Cynomolgus monkeys can cost up to $10,000 each and have been in demand for coronavirus vaccine research, according to the New York Times.
The crash in Pennsylvania of a truck transporting 100 monkeys to a laboratory has allowed four of them to escape, triggering a search by police who warned the public not to approach the animals.
The vehicle collided with a dump truck near Danville, Pennsylvania on Friday afternoon, en route to a laboratory in Florida.
Police said on Twitter that four monkeys had "fled the crash scene into the surrounding area."
Three were later captured, but one was still on the loose on Saturday morning.
The local WNEP news site said a police helicopter with thermal cameras was used to track down the cynomolgus monkeys, while officers on the ground used powerful flashlights.
Pennsylvania State Police released an image of one primate perched in a tree off Route 54 during the freezing cold night.

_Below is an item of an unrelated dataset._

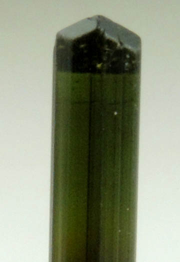 | Description: | Lustrous transparent dark-green elbaite tourmaline crystal with no matrix attached. The elbaite crystal has striated prism faces, three-faced pyramidal termination, and shows it is internally flawless when illuminated from the rear. |
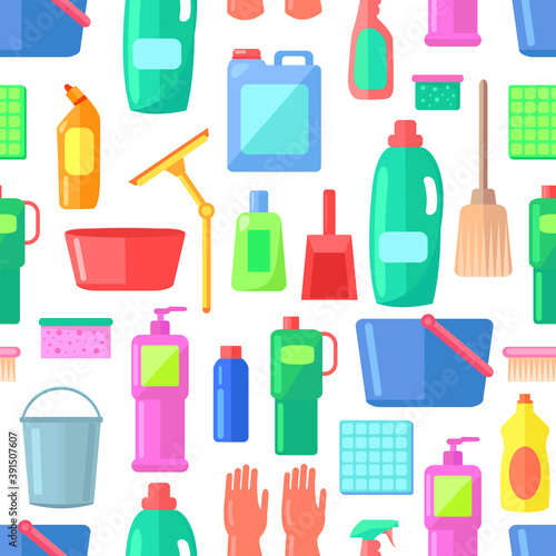 © robu_s, Obraz premium Group of bottles of household chemicals, supplies and cleaning, tools and containers for cleaning. Icons set of multicolored plastic flasks from chemical detergents, mops, buckets, basins, brushes

A reporter said police surrounded the monkey before shots were fired from an unidentified weapon.
"Crash Update: There is still one monkey unaccounted for, but we are asking that no one attempt to look for or capture the animal," police troopers said on Twitter on Saturday morning.
Cynomolgus monkeys -- also known as long-tailed macaques -- can cost up to $10,000 each and have been in demand for coronavirus vaccine research, according to the New York Times. They can live for 30 years in captivity.